对光学卫星定位原理进行分析可知,影响定位精度的主要因素包括轨道确定精度、姿态测量精度、结构和相机内方位元素稳定性精度(热变形)、时间同步精度和地面标定精度等多个方面,误差产生机理复杂、误差源多且难以解耦,传统方法难以建立卫星影像定位精度的变化规律模型。先前的研究已经表明,时间同步精度影响相对较小,而其他因素对定位精度均有很大影响,尤其是空间热环境变化导致的姿态测量和结构稳定性。目前,现有大多数研究集中于通过在轨定标的方式修正静轨卫星影像的定位误差。但是,由于地球静止卫星的轨道周期长,冷热交变剧烈,且平台几何结构及其材料构成复杂,现有在轨定标处理都是基于上述复杂过程的简化模型进行的,不可避免存在所用模型对空间温度变化考虑不足的问题;另一方面,通过定标的方法需要在卫星运行期间不定时的对定标参数进行修改完善,周期长,工作量大。以上这些因素的存在极大地限制了静轨卫星影像高精度定位。
发明内容
为了解决现有技术中的不足,本发明提供一种基于卫星温度和姿态误差建模的静轨卫星定位误差修正方法及装置。
本发明一方面提供一种基于卫星温度和姿态误差建模的静轨卫星定位误差修正方法,包括:在静轨卫星影像的覆盖区域中,提取含有陆地信息的地表模板数据;将静轨卫星影像与地表模板数据进行分块匹配,获取匹配点信息集合;利用匹配点信息集合,计算静轨卫星影像与地表模板数据之间的定位误差;获取静轨卫星影像的成像时刻在不同条件下的温差和姿态信息,根据温差、姿态信息和定位误差,构建静轨卫星影像定位误差修正模型;根据静轨卫星影像数据,对静轨卫星影像定位误差修正模型进行训练和测试,得到最优参数集;基于静轨卫星影像定位误差修正模型和最优参数集,对待修正静轨卫星影像的定位误差进行修正。
根据本发明的实施例,在静轨卫星影像的覆盖区域中,提取含有陆地信息的地表模板数据,包括:根据静轨卫星影像的覆盖区域的经纬度范围,从历史参考影像数据中提取经纬度范围对应的参考影像数据;根据全球海陆分割模板,得到经纬度范围对应的海陆分割模板数据;利用海陆分割模板数据,提取得到静轨卫星影像的地表模板数据。
根据本发明的实施例,在静轨卫星影像的覆盖区域中,提取含有陆地信息的地表模板数据之后,静轨卫星定位误差修正方法还包括:计算地表模板数据与静轨卫星影像的重叠区域的比值,通过比较比值与预设值的大小确定地表模板数据的有效性。
根据本发明的实施例,预设值的大小为0.25,当比值大于或等于0.25时,地表模板数据有效。
根据本发明的实施例,将静轨卫星影像与地表模板数据进行分块匹配,获取匹配点信息集合,包括:根据静轨卫星影像的地面采样间隔对地表模板数据进行重采样,得到重采样后的地表模板数据;采用归一化互相关算法,将分块处理后的静轨卫星影像与重采样后的地表模板数据进行匹配,得到静轨卫星影像和地表模板数据之间的像方匹配点坐标对;根据仿射变换六参数模型,将像方匹配点坐标对转换为物方匹配点坐标对,得到匹配点信息集合。

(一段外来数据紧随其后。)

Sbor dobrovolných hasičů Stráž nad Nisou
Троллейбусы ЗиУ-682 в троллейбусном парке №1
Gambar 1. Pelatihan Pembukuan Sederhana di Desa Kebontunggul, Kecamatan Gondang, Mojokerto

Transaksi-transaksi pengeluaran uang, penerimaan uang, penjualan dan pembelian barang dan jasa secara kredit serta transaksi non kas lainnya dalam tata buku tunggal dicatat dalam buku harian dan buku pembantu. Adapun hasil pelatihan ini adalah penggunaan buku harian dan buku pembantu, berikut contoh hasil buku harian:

根据本发明的实施例,获取静轨卫星影像的成像时刻在不同条件下的温差和姿态信息,根据温差、姿态信息和定位误差,构建静轨卫星影像定位误差修正模型,包括:获取静轨卫星影像的成像时刻在不同测温点下的温差变化量集合;根据成像时刻的三轴姿态角、不同测温点下的温差变化量集合以及静轨卫星影像与地表模板数据之间的定位误差,构建基于卫星温度和姿态误差建模的静轨卫星影像定位误差修正模型。

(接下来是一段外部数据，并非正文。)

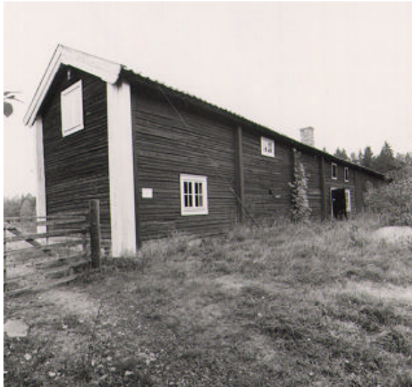
Södra delen av Långa längan.

Den bevarade östra längan (Långa längan) uppfördes troligen efter ryssarnas härjningar 1719. Längans södra del är den äldsta och uppförd i timmer. I denna del finns en kroglokal, en kammare åt krögaren och förr fanns även några rum för övernattande gäster. Den norra delen av längan är yngre och innehåller stall. Denna del är uppförd av stående brädor.
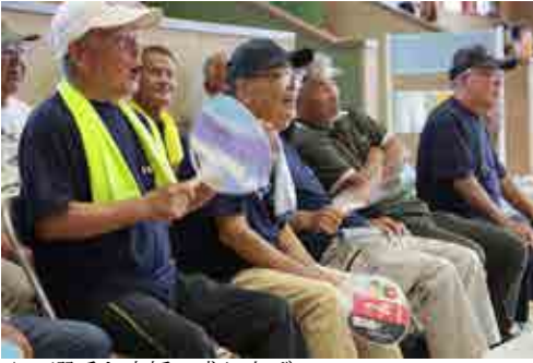
▲選手を応援で盛り上げる

宇検村総合体育館にて、宇検村高齢者スポーツ大会が5年ぶりに開催されました。大会には村内13集落11チームが参加し、玉入れなど7競技が行われました。競技にはボーリングなど、倒した数などで競うものとメディシンリレーやハッピーカラーといった、スピードを競うものがあり、熱戦が繰り広げられました。また各競技上位2チームは11月28日に本村で行われる、北大島地区高齢者スポーツ大会に出場します。
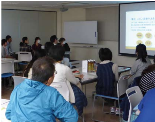
ケアマネカフェの様子
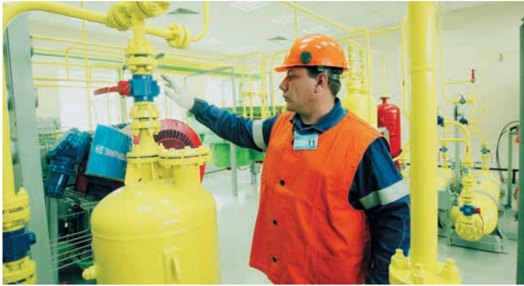
Все участники конкурса в один голос отмечали, как удобно состязаться в обновленном Учебном центре
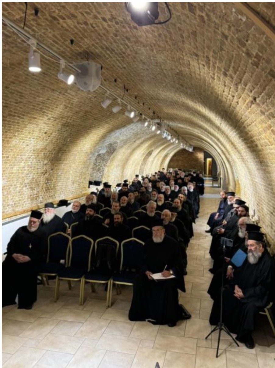
Κεντρική φωτογραφία αρχείου

根据本发明的实施例,基于BP神经网络架构构建静轨卫星影像定位误差修正模型。
根据本发明的实施例,根据静轨卫星影像数据,对静轨卫星影像定位误差修正模型进行训练和测试,得到最优参数集,包括:将静轨卫星影像数据按比例分为训练集和测试集;通过训练集对静轨卫星影像定位误差修正模型进行参数训练,通过测试集对静轨卫星影像定位误差修正模型进行结果测试;基于训练集和测试集,通过最优化目标函数,得到最优参数集。

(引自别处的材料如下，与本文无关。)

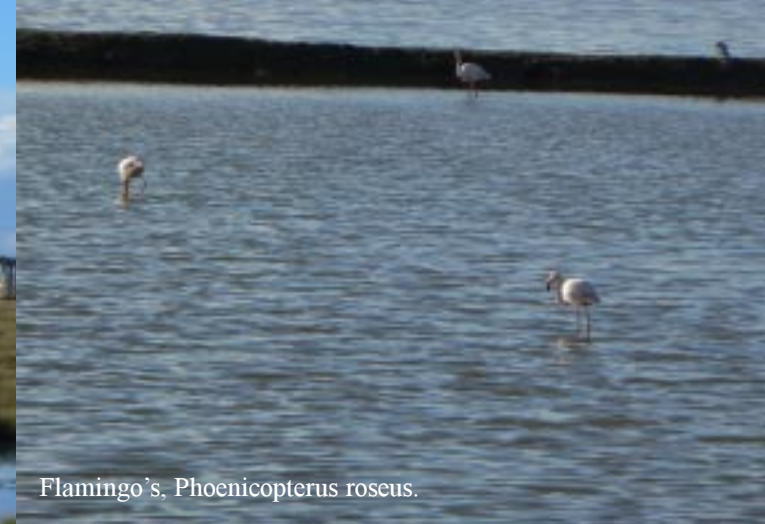
Flamingo's, Phoenicopterus roseus .
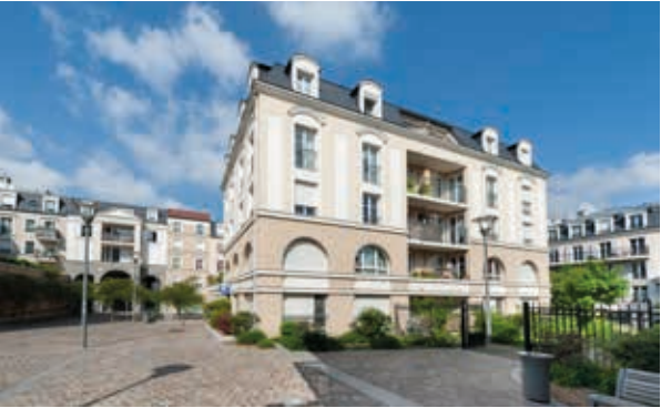
Carré Renaissance - Noisy-le-Grand Architecte : Cabinet Lionel de Segonzac et Cabinet Le Meur
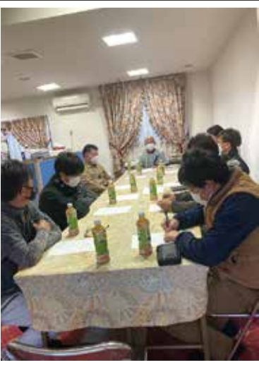
長野組合 18日 次世代委員会
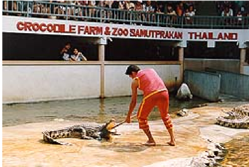
ฟาร์มจระเข้และสวนสัตว์สมุทรปราการ
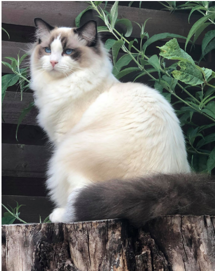
Ritual Nekonomicon*PL, Ragdoll.

har du nogle rigtig gode billeder af din race, som vi må bruge til vores racepræsentationer eller i andre medier? Så send gerne dine billeder i god kvalitet til webmaster@darak.dk .
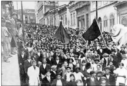
از تجمعات اتحادیه‌های کارگری برزیل در «نخستین دوره دموکراسی»
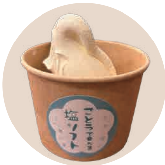
塩で食べる ソフトクリーム 400yen
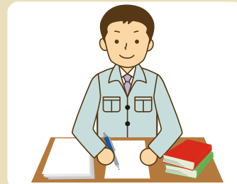
写真付きで報告書作成 郵送または、メールにて報告
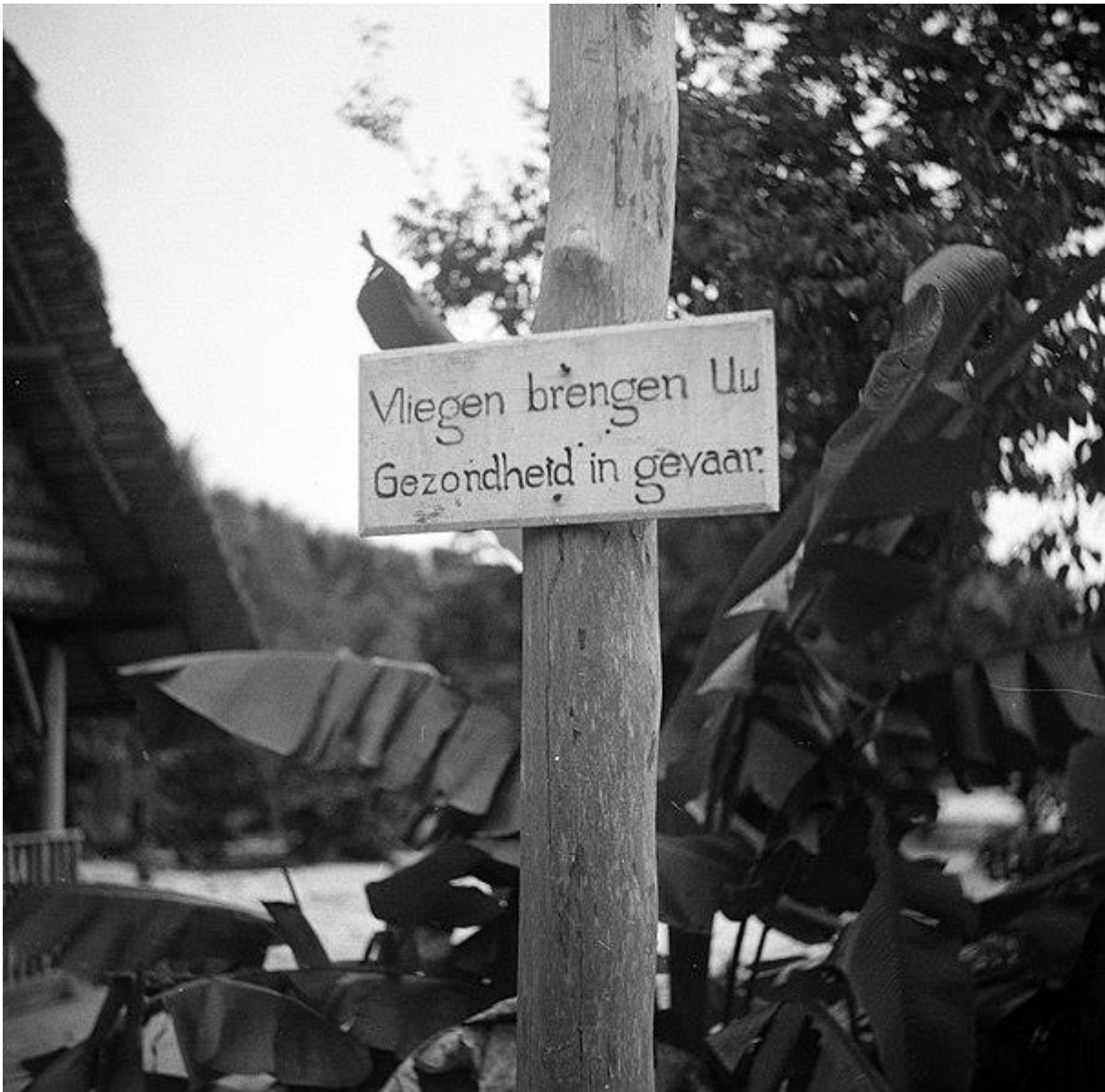
Figuur 10: Waarschuwbord bij het militaire kampement te Zanderij (Poll, 1947).

Uit mijn onderzoek is gebleken dat de collecties commerciële en wetenschappelijke functies hebben gehad. Een deel van de collectie is in eerste instantie verzameld voor onderzoek naar gewassen- en landbouwoptimalisatie, en een later deel van de collectie is verzameld met als doel om de biodiversiteit van Suriname vast te leggen en bij te houden. Na aankomst in Nederland zijn vrijwel alle collecties alleen gebruikt voor wetenschappelijk onderzoek, en niet voor tentoonstellingen in natuurhistorische musea. Een enkel object is mogelijk gebruikt als achtergrondobject voor een diorama op de werelddtentoonstelling (Naturalis Bioportal, specimen ZMA.AVES.64860).

根据本发明的实施例,待修正静轨卫星影像的覆盖范围内不存在有效的地表模板数据;基于静轨卫星影像定位误差修正模型和最优参数集,对待修正静轨卫星影像的定位误差进行修正,包括:获取待修正静轨卫星影像的成像时刻、三轴姿态角、不同测温点下的温差变化量集合,构成输入参数;将输入参数输入到静轨卫星影像定位误差修正模型中,借助最优参数集,得到输出的定位误差结果;根据输出的定位误差结果,对待修正静轨卫星影像的定位模型参数进行更新,得到定位误差修正后的静轨卫星影像。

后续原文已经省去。